** Opening Given data block **

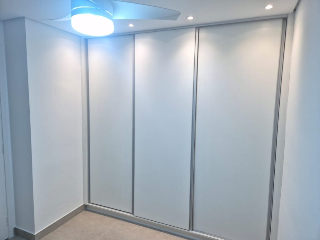 Armários no quarto, suíte, banheiros, sala e cozinha.
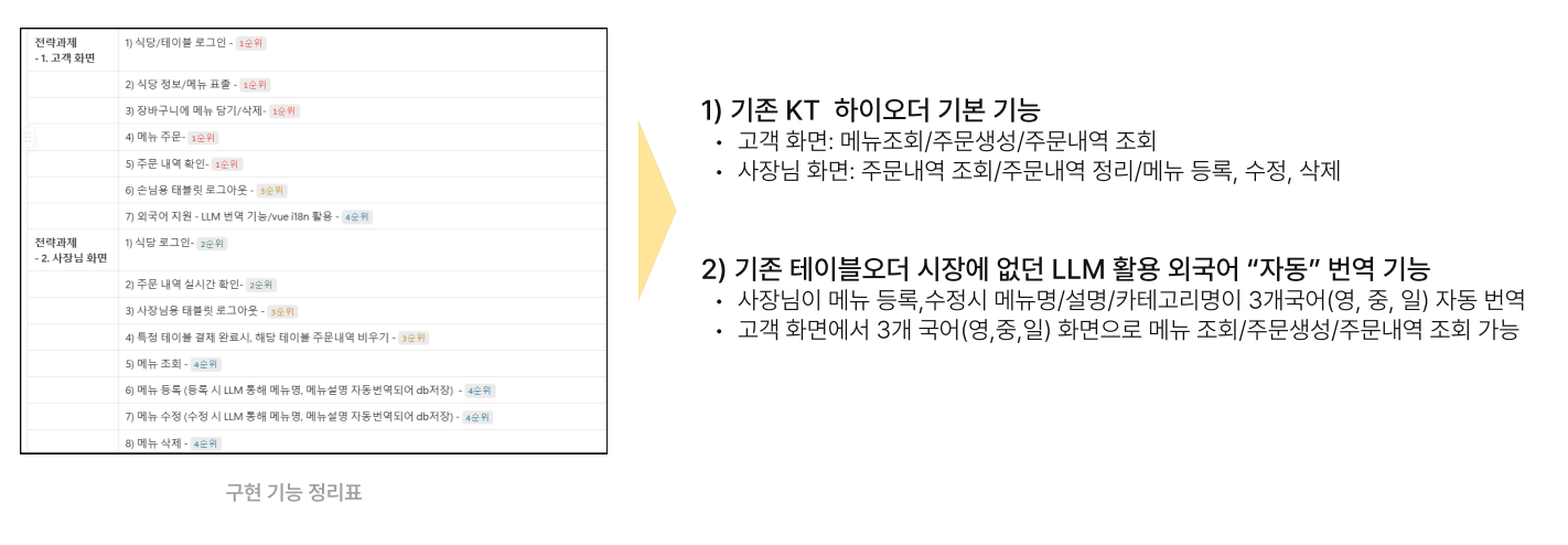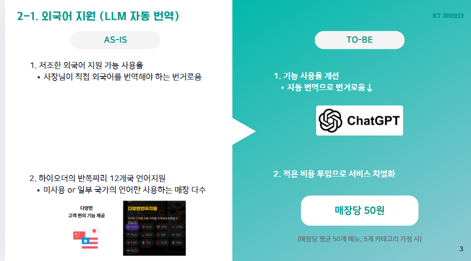 크게 1) KT 하이오더의 기본 기능과 2) LLM을 활용한 외국어 "자동" 번역 기능을 구현하려 했다.
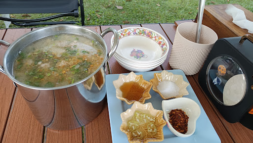มีอาหารบริการหลากหลาย เช่น หมูกระทะ อาหารเช้าข้าวต้มหมู และผัดไท รสชาติอร่อยและบริการถึงที่พัก
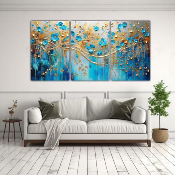 Pintura Tres Canvas Vanguardia Alta Resolución En Colores Vibrantes Y Dorados En Pinturas Decorativas
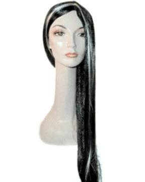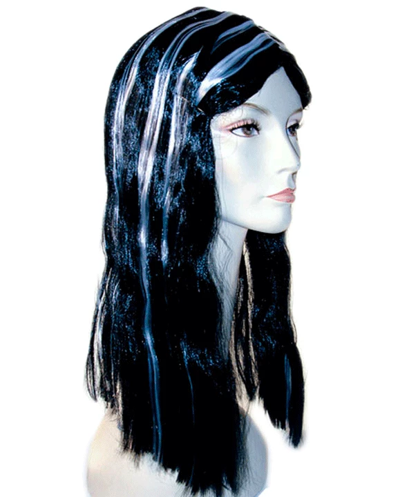 Long Bargain Vampira is a perfect Halloween style that comes in black with a white streak down the center and a widow’s peak. LW192
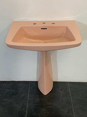 By removing the architectural clothing to the appliances, the column that pretends to hold the sink cup, relief collars that belong the profiles, you arrive in the true form, says Ponti in '55' but it had already done it in '36, with The deva devices for Montecatini. Here the sink column is a simple crankcase that hides, does not hold. The smooth washbasin basin, without relief, is trapezoidal a shape that favors the gesture of the arms in the washing.
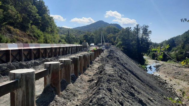 После того, как подпорные стены установят, начнутся работы по замене дорожного покрытия, укреплению обочин и берегоукреплению.
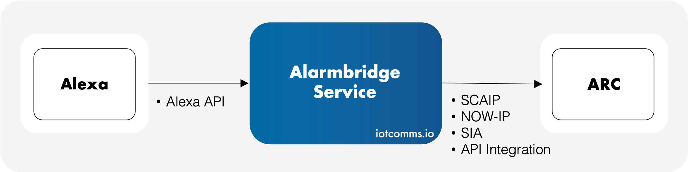 With built-in support for the Alexa API, the Alarmbridge Service enables Alexa speakers to communicate seamlessly with any ARC supporting SCAIP, NOW-IP, or SIA protocols – or through direct API integration – without the need for bespoke development, see illustration below.
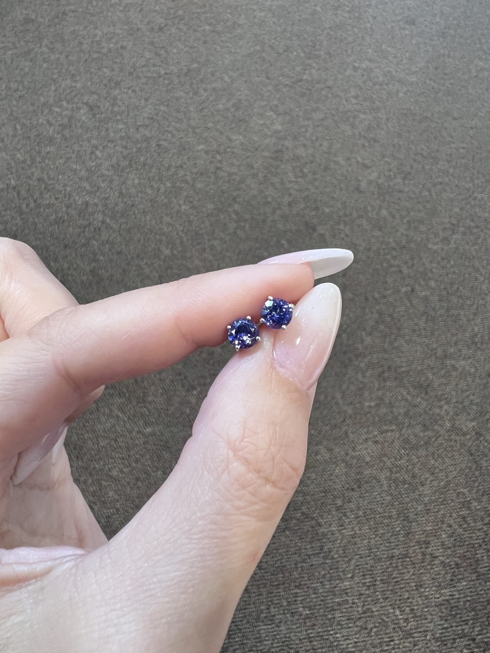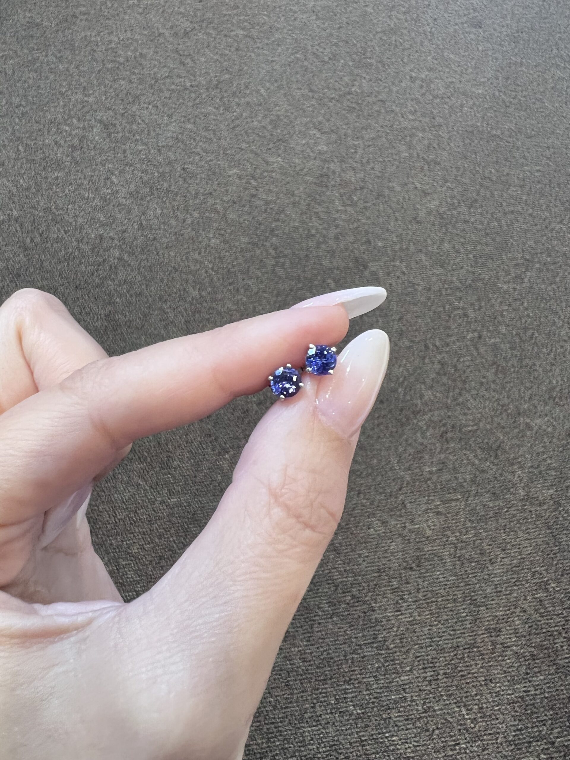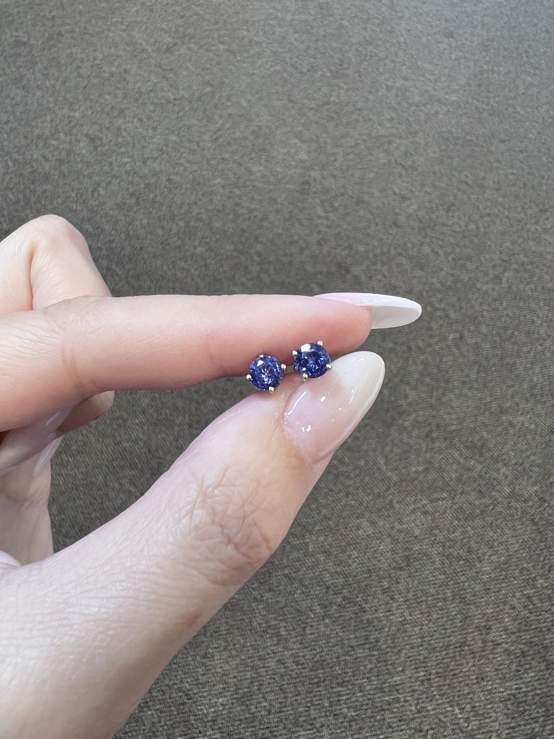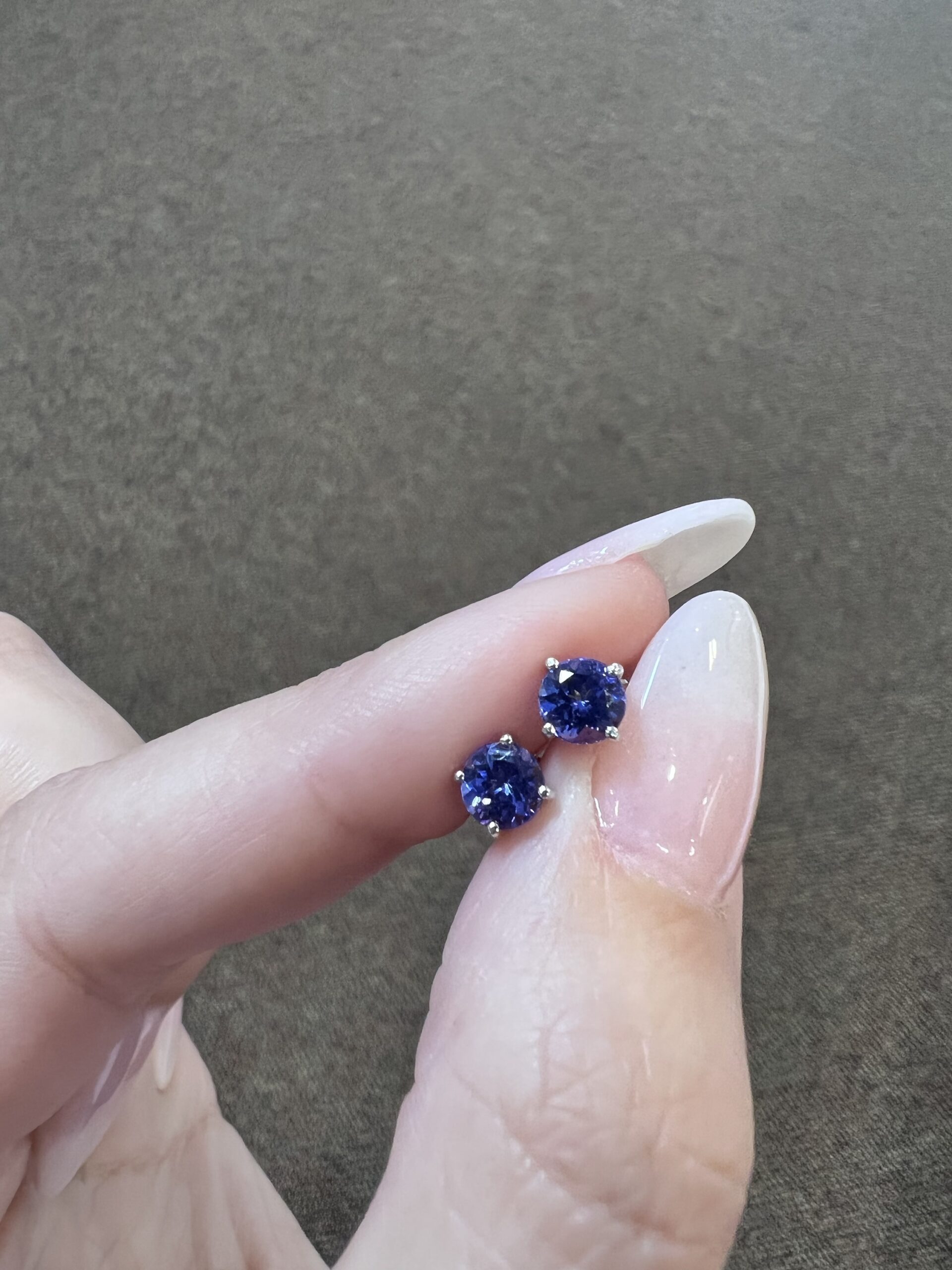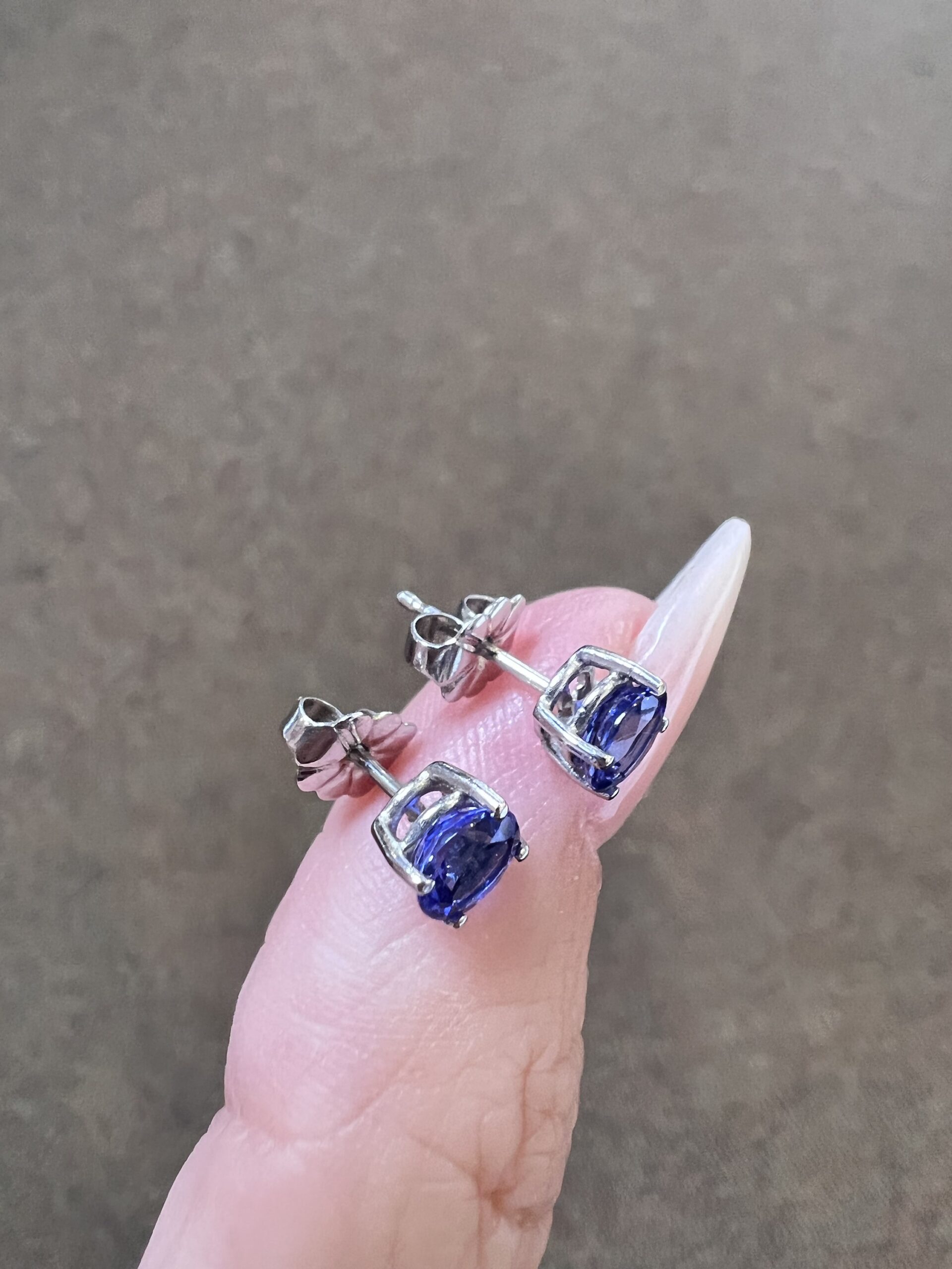 14k white gold genuine round, faceted 1.11 cttw Tanzanite basket set stud earrings. These earrings measure 5 mm in size and they have an entire weight of 1.0 grams.
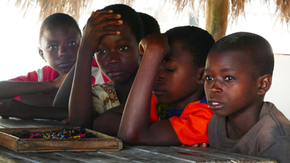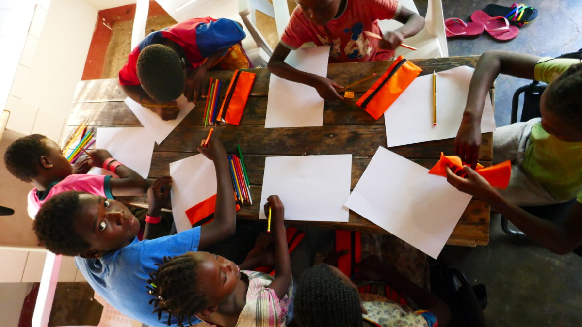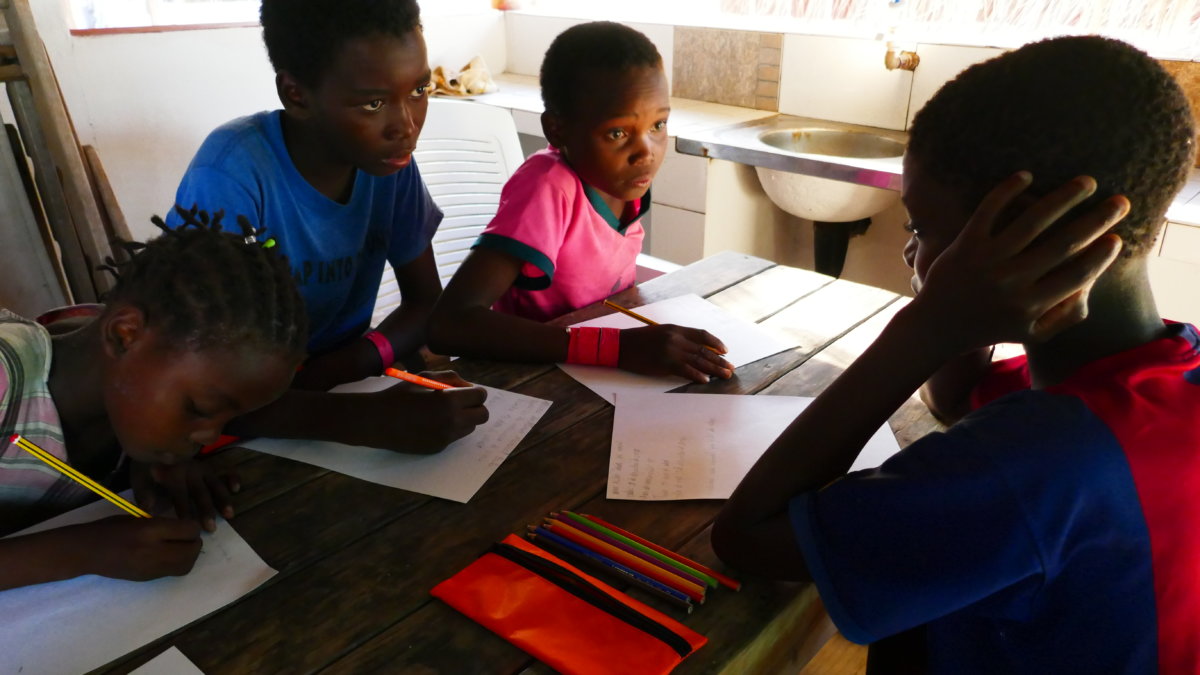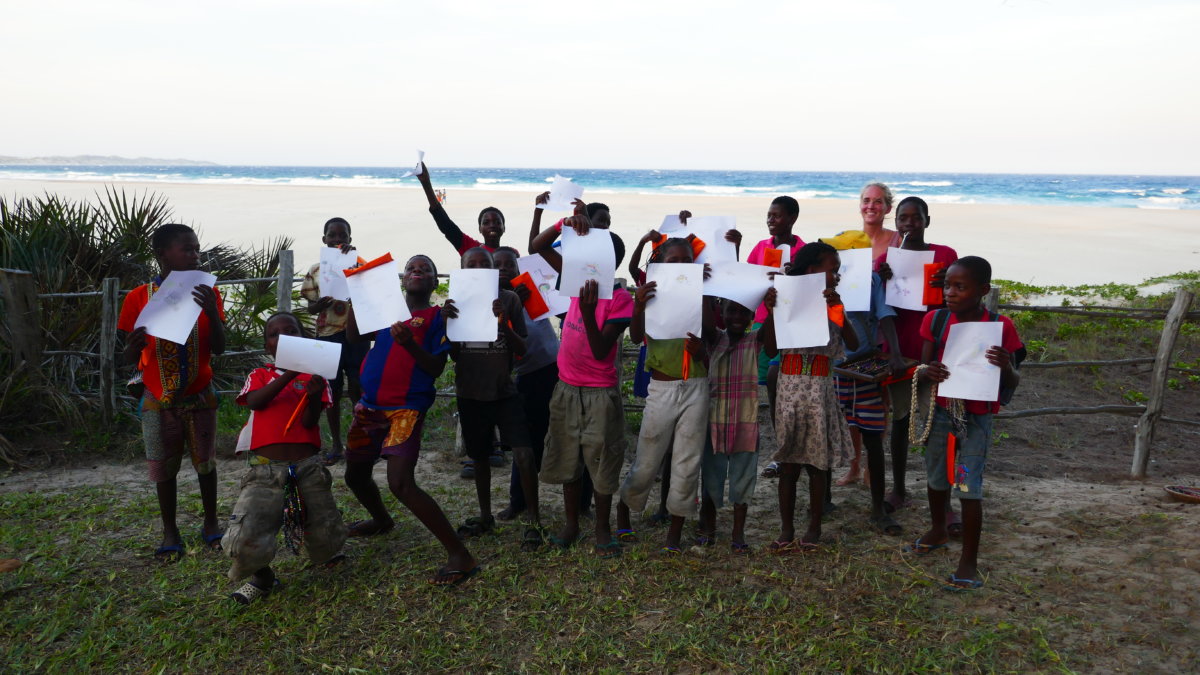 So überlegten wir uns das Projekt mit diesen Kindern durchzuführen. Ein wichtiger Bestandteil für eine erfolgreiche Durchführung war jedoch ein guter Dolmetscher, da die Landessprache in Mozambique nicht englisch wie in allen vorherigen Ländern sondern portugiesisch ist. Nachdem wir über ein paar Ecken einen netten jungen Mann gefunden hatten der die Geschichte vom kleinen Käfer Kribbel von englisch auf die lokale Sprache übersetzen konnte suchten wir eines Nachmittags die Kinder vom Strand zusammen und versammelten sie um zwei große Tische herum.
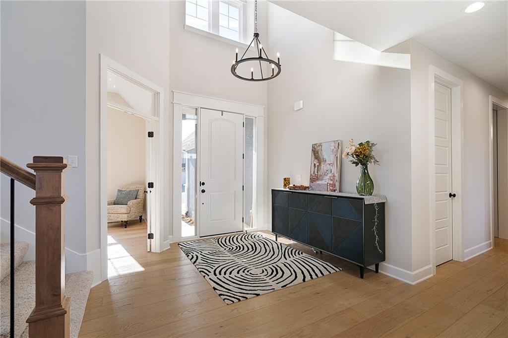 Stunning Award-Winning 1.5-Story will back to the future Blue Valley elementary school. This floor plan is designed for luxury and functionality. Thoughtful details include wood end caps, iron spindles, and vaulted ceilings, creating an elegant and spacious feel. The see-through fireplace seamlessly connects the great room to the covered patio, perfect for indoor-outdoor living. The center-island kitchen shines with painted cabinetry, offering both style and practicality. The main-level owner’s suite is a true retreat, featuring an oversized closet and a spa-like walk-in shower with dual shower heads. The office located off the entry provides the perfect work-from-home or study space. Tesla charger installed in garage stays with the home. Sundance Ridge’s premier amenities are now open! Enjoy a state-of-the-art fitness center, a resort-style pool, and scenic nature trails. Planned future amenities include a full gymnasium, pickleball and bocce ball courts, a playground, and a community garden. Clubhouse & first pool now open! Don’t wait—schedule your tour today!

** Closing Given data block **

— Work instruction —
Set down the material again exactly. Don't carry over any pictures.

— Result below —
 Armários no quarto, suíte, banheiros, sala e cozinha.
 크게 1) KT 하이오더의 기본 기능과 2) LLM을 활용한 외국어 "자동" 번역 기능을 구현하려 했다.
มีอาหารบริการหลากหลาย เช่น หมูกระทะ อาหารเช้าข้าวต้มหมู และผัดไท รสชาติอร่อยและบริการถึงที่พัก
 Pintura Tres Canvas Vanguardia Alta Resolución En Colores Vibrantes Y Dorados En Pinturas Decorativas
 Long Bargain Vampira is a perfect Halloween style that comes in black with a white streak down the center and a widow’s peak. LW192
 By removing the architectural clothing to the appliances, the column that pretends to hold the sink cup, relief collars that belong the profiles, you arrive in the true form, says Ponti in '55' but it had already done it in '36, with The deva devices for Montecatini. Here the sink column is a simple crankcase that hides, does not hold. The smooth washbasin basin, without relief, is trapezoidal a shape that favors the gesture of the arms in the washing.
 После того, как подпорные стены установят, начнутся работы по замене дорожного покрытия, укреплению обочин и берегоукреплению.
 With built-in support for the Alexa API, the Alarmbridge Service enables Alexa speakers to communicate seamlessly with any ARC supporting SCAIP, NOW-IP, or SIA protocols – or through direct API integration – without the need for bespoke development, see illustration below.
 14k white gold genuine round, faceted 1.11 cttw Tanzanite basket set stud earrings. These earrings measure 5 mm in size and they have an entire weight of 1.0 grams.
 So überlegten wir uns das Projekt mit diesen Kindern durchzuführen. Ein wichtiger Bestandteil für eine erfolgreiche Durchführung war jedoch ein guter Dolmetscher, da die Landessprache in Mozambique nicht englisch wie in allen vorherigen Ländern sondern portugiesisch ist. Nachdem wir über ein paar Ecken einen netten jungen Mann gefunden hatten der die Geschichte vom kleinen Käfer Kribbel von englisch auf die lokale Sprache übersetzen konnte suchten wir eines Nachmittags die Kinder vom Strand zusammen und versammelten sie um zwei große Tische herum.
 Stunning Award-Winning 1.5-Story will back to the future Blue Valley elementary school. This floor plan is designed for luxury and functionality. Thoughtful details include wood end caps, iron spindles, and vaulted ceilings, creating an elegant and spacious feel. The see-through fireplace seamlessly connects the great room to the covered patio, perfect for indoor-outdoor living. The center-island kitchen shines with painted cabinetry, offering both style and practicality. The main-level owner’s suite is a true retreat, featuring an oversized closet and a spa-like walk-in shower with dual shower heads. The office located off the entry provides the perfect work-from-home or study space. Tesla charger installed in garage stays with the home. Sundance Ridge’s premier amenities are now open! Enjoy a state-of-the-art fitness center, a resort-style pool, and scenic nature trails. Planned future amenities include a full gymnasium, pickleball and bocce ball courts, a playground, and a community garden. Clubhouse & first pool now open! Don’t wait—schedule your tour today!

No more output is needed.